Let’s look at the posterior summary of the parameters.
summary(mod_sim)
##
## Iterations = 1001:6000
## Thinning interval = 1
## Number of chains = 3
## Sample size per chain = 5000
##
## 1. Empirical mean and standard deviation for each variable,
## plus standard error of the mean:
##
## Mean SD Naive SE Time-series SE
## mu[1] 5.032 0.22845 0.0018653 0.0018650
## mu[2] 4.662 0.22409 0.0018297 0.0017815
## mu[3] 5.529 0.22756 0.0018580 0.0018866
## sig 0.711 0.09252 0.0007554 0.0008373
##
## 2. Quantiles for each variable:
##
## 2.5% 25% 50% 75% 97.5%
## mu[1] 4.5811 4.882 5.0304 5.182 5.4879
## mu[2] 4.2261 4.513 4.6621 4.811 5.1083
## mu[3] 5.0800 5.379 5.5269 5.678 5.9783
## sig 0.5584 0.645 0.7015 0.766 0.9193
HPDinterval(mod_csim)
## lower upper
## mu[1] 4.5933894 5.4964453
## mu[2] 4.2237876 5.1041522
## mu[3] 5.0769071 5.9734837
## sig 0.5443715 0.8978277
## attr(,"Probability")
## [1] 0.95
The HPDinterval() function in the coda package
calculates intervals of highest posterior density for each
parameter.
We are interested to know if one of the treatments increases mean yield. It is clear that treatment 1 does not. What about treatment 2?

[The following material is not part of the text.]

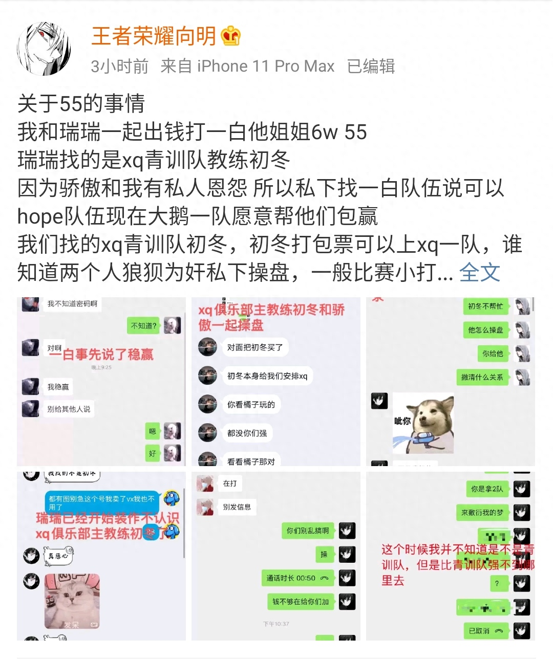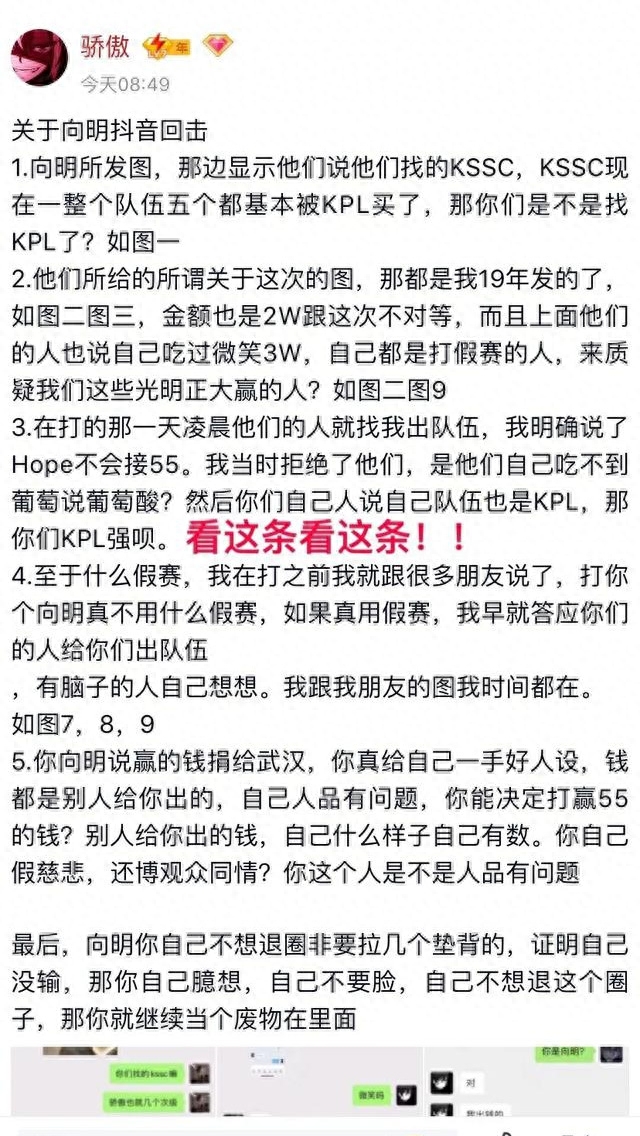 随后一白方面就对向明的质疑做出了回应,思路比较清晰,首先就是向明质疑自家的橘右京打假赛,收了一白的钱。但是本身这两个人就是导演,天天安排别人打假赛,最后被自己的人演了,实在是有点好笑。而且向明把脏水泼到了职业选手初冬身上,还说自家的选手是XQ的二队,但是初冬本人很快就否定了这一点,表示没有参与过这次的事件。双方用的账号辨识度都不高,除了他们双方之外,其他人可能都不知道到底是谁在打。就算是这些账号被辨认出来,也未必能够证明是本人在玩。

mean(mod_csim[,3] > mod_csim[,1])
## [1] 0.9388667
There is a high posterior probability that the mean yield for treatment 2 is greater than the mean yield for the control group.
It may be the case that treatment 2 would be costly to put into production. Suppose that to be worthwhile, this treatment must increase mean yield by 10%. What is the posterior probability that the increase is at least that?
mean(mod_csim[,3] > 1.1*mod_csim[,1])
## [1] 0.4921333
We have about 50/50 odds that adopting treatment 2 would increase mean yield by at least 10%.